Representative Schubert moved that the committee continue the study and pursue drafting committee legislation; that motion passed on a roll call (the committee recorded a roll call and staff reported the motion carried). Schubert and other proponents argued a modest move could give Montana more influence in presidential nomination contests and suggested a two‑week earlier shift might balance logistical concerns and increased participation. Representative Schubert said moving both the school and primary elections two weeks earlier would preserve the gap between elections while improving Montana's position on the national calendar.
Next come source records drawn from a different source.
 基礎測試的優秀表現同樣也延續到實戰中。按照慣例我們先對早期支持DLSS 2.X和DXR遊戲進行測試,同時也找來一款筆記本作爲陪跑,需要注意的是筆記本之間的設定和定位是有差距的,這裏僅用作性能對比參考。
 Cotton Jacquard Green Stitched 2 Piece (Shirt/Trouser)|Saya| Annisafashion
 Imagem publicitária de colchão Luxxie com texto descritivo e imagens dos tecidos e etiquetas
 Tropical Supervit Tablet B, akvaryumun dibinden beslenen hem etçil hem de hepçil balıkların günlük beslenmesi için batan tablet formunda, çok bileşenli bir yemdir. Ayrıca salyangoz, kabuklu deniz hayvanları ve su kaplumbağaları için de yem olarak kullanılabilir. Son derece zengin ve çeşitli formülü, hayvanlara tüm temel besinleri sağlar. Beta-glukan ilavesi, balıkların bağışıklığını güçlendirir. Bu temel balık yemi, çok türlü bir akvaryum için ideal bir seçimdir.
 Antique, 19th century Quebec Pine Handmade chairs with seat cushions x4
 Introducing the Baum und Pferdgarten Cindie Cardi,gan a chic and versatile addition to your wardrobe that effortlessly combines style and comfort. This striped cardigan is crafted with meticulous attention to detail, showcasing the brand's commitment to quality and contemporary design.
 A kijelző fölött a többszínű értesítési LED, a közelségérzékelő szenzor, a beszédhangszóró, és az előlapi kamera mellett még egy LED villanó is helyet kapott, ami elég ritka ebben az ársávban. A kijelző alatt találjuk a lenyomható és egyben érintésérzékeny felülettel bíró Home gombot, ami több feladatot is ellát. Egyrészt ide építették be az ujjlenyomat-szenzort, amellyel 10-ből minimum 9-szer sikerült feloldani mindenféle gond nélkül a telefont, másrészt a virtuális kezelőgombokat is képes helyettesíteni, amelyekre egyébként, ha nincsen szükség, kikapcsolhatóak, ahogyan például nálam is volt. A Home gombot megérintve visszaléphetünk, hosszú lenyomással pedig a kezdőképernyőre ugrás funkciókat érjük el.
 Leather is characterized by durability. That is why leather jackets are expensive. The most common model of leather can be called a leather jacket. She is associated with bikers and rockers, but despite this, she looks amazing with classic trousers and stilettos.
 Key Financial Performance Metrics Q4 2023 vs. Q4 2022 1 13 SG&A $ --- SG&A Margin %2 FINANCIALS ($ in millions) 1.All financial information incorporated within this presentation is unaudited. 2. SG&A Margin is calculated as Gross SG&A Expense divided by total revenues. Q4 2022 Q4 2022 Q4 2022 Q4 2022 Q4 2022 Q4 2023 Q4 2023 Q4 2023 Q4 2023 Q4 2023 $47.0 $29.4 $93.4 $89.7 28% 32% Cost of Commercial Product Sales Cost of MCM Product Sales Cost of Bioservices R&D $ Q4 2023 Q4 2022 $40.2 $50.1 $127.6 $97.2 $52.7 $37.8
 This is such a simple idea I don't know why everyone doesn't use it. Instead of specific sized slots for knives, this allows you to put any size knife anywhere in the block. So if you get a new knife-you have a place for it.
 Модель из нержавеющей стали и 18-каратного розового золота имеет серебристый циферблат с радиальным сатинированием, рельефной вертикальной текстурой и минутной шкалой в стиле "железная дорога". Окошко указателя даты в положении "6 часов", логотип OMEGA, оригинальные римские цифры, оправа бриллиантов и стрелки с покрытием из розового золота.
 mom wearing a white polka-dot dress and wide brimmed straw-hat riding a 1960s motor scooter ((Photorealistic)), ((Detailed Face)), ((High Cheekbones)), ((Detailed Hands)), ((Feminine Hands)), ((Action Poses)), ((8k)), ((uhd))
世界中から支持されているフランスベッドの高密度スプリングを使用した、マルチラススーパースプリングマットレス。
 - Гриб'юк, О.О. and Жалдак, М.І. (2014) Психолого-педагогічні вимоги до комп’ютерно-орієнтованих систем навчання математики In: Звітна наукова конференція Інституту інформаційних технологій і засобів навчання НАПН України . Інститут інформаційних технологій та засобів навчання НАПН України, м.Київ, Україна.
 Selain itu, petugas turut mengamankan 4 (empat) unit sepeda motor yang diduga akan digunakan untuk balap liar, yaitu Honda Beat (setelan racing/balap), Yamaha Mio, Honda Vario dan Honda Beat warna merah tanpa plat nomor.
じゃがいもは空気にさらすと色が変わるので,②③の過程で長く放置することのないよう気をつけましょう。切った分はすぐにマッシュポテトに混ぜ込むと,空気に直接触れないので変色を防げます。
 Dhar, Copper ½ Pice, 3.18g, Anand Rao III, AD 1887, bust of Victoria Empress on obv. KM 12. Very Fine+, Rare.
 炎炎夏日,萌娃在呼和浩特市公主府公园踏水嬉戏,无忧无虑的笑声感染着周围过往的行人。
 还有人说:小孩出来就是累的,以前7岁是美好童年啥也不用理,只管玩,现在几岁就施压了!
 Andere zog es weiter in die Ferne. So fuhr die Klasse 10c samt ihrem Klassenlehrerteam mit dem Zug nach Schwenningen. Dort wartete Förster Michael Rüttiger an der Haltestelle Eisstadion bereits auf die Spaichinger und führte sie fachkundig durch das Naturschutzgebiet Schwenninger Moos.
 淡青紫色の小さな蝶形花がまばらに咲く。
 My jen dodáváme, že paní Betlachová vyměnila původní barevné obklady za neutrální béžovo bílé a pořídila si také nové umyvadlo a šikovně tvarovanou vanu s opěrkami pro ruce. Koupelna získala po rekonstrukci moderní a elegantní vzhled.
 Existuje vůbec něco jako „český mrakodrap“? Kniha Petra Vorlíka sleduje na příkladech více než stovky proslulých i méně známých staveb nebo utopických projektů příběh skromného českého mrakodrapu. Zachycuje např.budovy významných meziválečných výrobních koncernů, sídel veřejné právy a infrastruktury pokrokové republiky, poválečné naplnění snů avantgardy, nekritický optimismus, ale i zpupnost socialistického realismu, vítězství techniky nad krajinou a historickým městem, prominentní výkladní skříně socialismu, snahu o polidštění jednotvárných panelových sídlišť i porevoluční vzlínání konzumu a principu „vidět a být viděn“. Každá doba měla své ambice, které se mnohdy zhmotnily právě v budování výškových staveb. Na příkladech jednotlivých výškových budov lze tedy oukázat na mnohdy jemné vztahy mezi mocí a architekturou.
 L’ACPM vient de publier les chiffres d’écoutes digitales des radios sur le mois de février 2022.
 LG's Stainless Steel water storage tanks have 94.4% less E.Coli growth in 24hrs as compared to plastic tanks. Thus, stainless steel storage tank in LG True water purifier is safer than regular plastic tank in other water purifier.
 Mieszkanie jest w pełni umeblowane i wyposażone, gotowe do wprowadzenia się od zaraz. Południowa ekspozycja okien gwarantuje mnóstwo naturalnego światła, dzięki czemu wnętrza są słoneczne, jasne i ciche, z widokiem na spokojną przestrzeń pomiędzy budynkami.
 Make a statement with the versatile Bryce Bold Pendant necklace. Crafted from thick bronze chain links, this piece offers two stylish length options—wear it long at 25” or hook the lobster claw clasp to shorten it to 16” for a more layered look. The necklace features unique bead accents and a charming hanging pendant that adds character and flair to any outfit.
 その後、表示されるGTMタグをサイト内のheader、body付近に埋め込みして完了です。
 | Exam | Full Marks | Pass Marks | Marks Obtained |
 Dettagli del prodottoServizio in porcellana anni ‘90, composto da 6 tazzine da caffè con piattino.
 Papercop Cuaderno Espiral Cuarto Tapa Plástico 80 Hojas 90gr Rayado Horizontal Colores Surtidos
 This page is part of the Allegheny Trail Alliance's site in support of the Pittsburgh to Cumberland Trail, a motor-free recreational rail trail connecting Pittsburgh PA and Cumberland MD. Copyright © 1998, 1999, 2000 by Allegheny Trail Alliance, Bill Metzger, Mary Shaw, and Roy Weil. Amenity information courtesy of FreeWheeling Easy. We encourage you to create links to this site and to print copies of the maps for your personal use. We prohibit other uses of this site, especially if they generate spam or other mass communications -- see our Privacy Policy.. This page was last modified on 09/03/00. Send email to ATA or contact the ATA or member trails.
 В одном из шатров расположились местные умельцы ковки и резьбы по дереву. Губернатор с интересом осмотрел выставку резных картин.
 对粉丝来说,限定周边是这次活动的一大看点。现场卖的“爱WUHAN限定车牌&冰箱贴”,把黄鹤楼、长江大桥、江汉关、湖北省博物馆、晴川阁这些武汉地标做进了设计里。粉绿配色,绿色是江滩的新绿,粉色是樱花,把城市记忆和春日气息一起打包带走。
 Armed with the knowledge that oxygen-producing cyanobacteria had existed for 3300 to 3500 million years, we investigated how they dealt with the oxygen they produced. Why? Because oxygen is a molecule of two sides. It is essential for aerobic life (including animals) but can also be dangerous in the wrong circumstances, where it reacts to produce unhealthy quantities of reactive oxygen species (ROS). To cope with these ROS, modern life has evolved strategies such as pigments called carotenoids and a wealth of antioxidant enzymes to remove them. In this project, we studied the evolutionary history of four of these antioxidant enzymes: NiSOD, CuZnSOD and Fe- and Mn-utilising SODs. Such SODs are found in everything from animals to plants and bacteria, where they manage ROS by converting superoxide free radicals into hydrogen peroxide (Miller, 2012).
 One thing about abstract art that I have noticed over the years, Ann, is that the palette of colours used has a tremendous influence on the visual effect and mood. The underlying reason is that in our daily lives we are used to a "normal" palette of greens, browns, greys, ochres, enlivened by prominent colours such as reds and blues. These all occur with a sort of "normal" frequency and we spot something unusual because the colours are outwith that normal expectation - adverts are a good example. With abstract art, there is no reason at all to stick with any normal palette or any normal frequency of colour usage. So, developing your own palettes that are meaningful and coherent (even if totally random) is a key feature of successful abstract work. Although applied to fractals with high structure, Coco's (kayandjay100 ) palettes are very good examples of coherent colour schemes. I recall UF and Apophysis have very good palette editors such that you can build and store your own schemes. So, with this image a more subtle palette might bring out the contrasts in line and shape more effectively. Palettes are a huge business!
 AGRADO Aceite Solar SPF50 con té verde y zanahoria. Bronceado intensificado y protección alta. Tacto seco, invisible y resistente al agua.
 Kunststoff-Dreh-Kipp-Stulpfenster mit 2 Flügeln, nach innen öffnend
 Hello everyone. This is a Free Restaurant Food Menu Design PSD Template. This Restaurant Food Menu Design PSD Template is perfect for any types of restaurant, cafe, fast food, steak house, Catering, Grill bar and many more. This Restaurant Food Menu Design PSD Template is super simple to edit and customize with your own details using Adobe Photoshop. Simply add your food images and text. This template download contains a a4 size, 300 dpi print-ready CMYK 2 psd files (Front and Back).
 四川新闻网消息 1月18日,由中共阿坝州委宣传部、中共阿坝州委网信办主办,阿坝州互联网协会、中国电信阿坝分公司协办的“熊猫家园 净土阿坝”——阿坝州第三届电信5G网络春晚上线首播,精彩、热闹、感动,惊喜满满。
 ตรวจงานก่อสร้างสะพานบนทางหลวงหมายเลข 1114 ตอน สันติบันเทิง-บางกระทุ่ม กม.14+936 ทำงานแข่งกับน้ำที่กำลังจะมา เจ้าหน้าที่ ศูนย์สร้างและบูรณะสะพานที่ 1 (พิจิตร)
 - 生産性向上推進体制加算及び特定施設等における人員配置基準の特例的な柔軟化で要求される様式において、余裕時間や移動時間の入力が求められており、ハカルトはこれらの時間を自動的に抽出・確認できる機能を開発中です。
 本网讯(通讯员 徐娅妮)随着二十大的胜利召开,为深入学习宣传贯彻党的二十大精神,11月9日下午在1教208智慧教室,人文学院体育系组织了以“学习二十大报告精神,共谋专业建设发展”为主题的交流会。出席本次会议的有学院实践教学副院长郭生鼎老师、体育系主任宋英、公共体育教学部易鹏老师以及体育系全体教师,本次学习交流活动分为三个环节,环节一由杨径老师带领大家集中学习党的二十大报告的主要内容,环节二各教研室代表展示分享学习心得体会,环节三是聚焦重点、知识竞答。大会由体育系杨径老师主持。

Opponents, including Representative Tillman and others, raised implementation concerns. County election administrators testified that school and special‑district filing deadlines and ballot production schedules are tightly interwoven and that many clerks are already stretched by recent law changes and system upgrades; some counties worried that even a two‑week shift could create unintended consequences for school levies and special districts. Regina Plettenberg, Ravalli County election administrator, and others asked the committee to ensure county implementation issues were fully evaluated before any statutory change.

The committee took a roll call vote on a motion to direct staff to draft committee legislation that would move both the primary and the school elections two weeks earlier; the motion failed by roll call, 6 to 5. The committee agreed to continue the HJ48 study, solicit targeted feedback from election administrators and school officials, and revisit draft language at a future meeting. Miss Power will collect comparative state laws, county feedback and logistical analyses requested by members.

Next steps: Committee staff will assemble model language and county impact data and schedule additional work‑session time prior to the next interim meeting; members asked for a possible two‑year transition or phased approach to mitigate implementation risk.